MA03 Cimetière militaire & chapelle russe de Saint-Hilaire-le-Grand
Edifiés sur le plateau de la Champagne crayeuse, caractérisée par une végétation de résineux et de végétation basse, près du village de Saint-Hilaire-Le-Grand, le cimetière et sa chapelle bénéficient d’un écrin de verdure fait de résineux et de bouleaux. Ce dernier rehausse leur identité dans la plus pure tradition orthodoxe. Ils représentent véritablement, à échelle réduite, la Russie.
Dans le cimetière militaire 489 soldats reposent en tombes individuelles et 426 en deux ossuaires. Un monument situé au sein du cimetière récemment réhabilité, porte une plaque émaillée, scellée à son pied présentant une épitaphe en cyrillique ornée de l’aigle bicéphale, emblème de l’Empire russe.
La chapelle orthodoxe russe, de taille modeste, présente un style inspiré du 15e siècle russe dit de Novgorod-Pskov (style byzantin). Sa toiture vert-bronze est surmontée d’un bulbe bleu et d’un clocher en forme de pyramide tronquée coiffé d’un bulbe doré garni de trois cloches. Les élévations en parpaings et le toit en béton sont peints. L’intérieur de la chapelle est décoré dans la plus pure tradition orthodoxe, de fresques religieuses et d’icônes, œuvres des artistes P.A. Fédoroff et de la princesse E. S. Lvova. Là sont conservés des souvenirs du corps expéditionnaire russe : fanions, clairons, lettres, diplômes, etc. Sa construction a été confiée à Albert Alexandrovitch Benois, un architecte et peintre d’origine française né à Saint-Pétersbourg. Un alignement de tombes d’anciens officiers russes est visible sur le bord nord de la chapelle. Elles portent la croix orthodoxe, maintenant la mémoire de ceux qui ont pérennisé et valorisé le site.
Le cimetière a été créé dès l’été 1916 et est situé juste derrière l’ancien front dans un repli de terrain permettant son édification. Il recueille les corps de combattants russes des 1ère et 3e Brigades ainsi que ceux de la Légion russe venues combattre en Champagne entre juillet 1916 et avril-mai 1917. La plupart des morts sont tués lors de l’offensive du 16 avril 1917. Les deux brigades sont ensuite retirées du front pour cause de troubles révolutionnaires et les loyalistes terminent la guerre auprès des alliés au sein de la Légion russe.
L’association des officiers russes anciens combattants sur le front français, créée en 1923, perpétue et développe la mémoire du lieu. Elle fait l’acquisition de la parcelle voisine au cimetière. En 1936, l’association initie sur cette parcelle la construction d’une chapelle commémorative et lance une souscription à laquelle le célèbre compositeur russe Serguei Rachmaninov contribue. Elle est inaugurée le 16 mai 1937.

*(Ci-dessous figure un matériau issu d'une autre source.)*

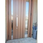 玄関ドアをLIXILリシェントP77型クリエモカで1階親子ドアと2階片開ドアに新しくしました。
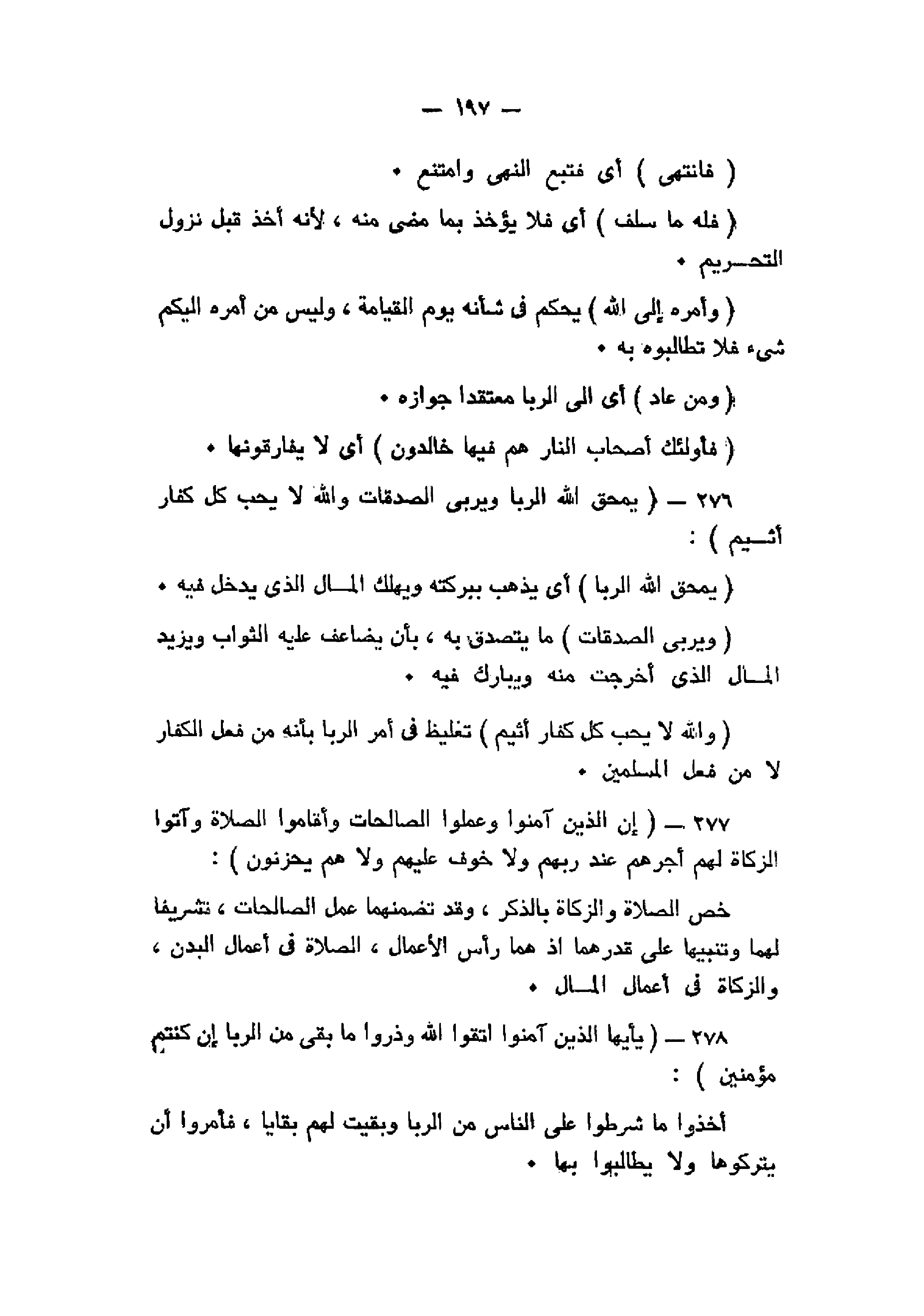 يَمْحَقُ اللَّهُ الرِّبا وَيُرْبِي الصَّدَقاتِ وَاللَّهُ لا يُحِبُّ كُلَّ كَفَّارٍ أَثِيمٍ (276) إِنَّ الَّذِينَ آمَنُوا وَعَمِلُوا الصَّالِحاتِ وَأَقامُوا الصَّلاةَ وَآتَوُا الزَّكاةَ لَهُمْ أَجْرُهُمْ عِنْدَ رَبِّهِمْ وَلا خَوْفٌ عَلَيْهِمْ وَلا هُمْ يَحْزَنُونَ (277) يا أَيُّهَا الَّذِينَ آمَنُوا اتَّقُوا اللَّهَ وَذَرُوا ما بَقِيَ مِنَ الرِّبا إِنْ كُنْتُمْ مُؤْمِنِينَ (278)

L’écrivain Jean Giono a dédié le chapitre du livre, « Solitude de la pitié » à la mémoire de son ami russe, le soldat Ivan Ivanovitch Kossiakoff, tombe n°372 du cimetière. L’écrivain soviétique dissident Alexandre Soljenitsyne s’est rendu au cimetière russe de Saint-Hilaire-Le-Grand le 6 avril 1975 et a participé à un office religieux dans la chapelle. Cette visite l’inspire dans la suite donnée à son ouvrage » Août 14″. En 1990, l’association du souvenir du corps expéditionnaire russe en France (ASCERF) reprend la gestion de l’ancienne association des officiers russes faute de survivant. Soulignons que certains anciens officiers, décédés depuis, ont souhaité avoir leur sépulture près de la chapelle. En 1998, pour la première fois, l’ambassadeur de la Fédération de Russie a participé aux commémorations accompagné du secrétaire d’Etat aux anciens combattants Jean-Pierre Masseret. La Russie est depuis officiellement représentée lors des cérémonies annuelles.
Ce lieu est imprégné de l’esprit orthodoxe à travers son architecture, sa scénographie, et le protocole de célébration. Avec les valeurs culturelles qui se rattachent au site, il se caractérise comme étant un coin de terre de la Russie. Un pèlerinage annuel a lieu chaque dimanche de Pentecôte (messe orthodoxe, bénédiction des tombes, chorale russe…) et un repas traditionnel perpétue une tradition inaugurée le jour de la consécration de la chapelle-mémorial en 1937. Des organisations de jeunes d’origine russe (vitiaz, scouts et sokols) prennent part systématiquement à cette commémoration.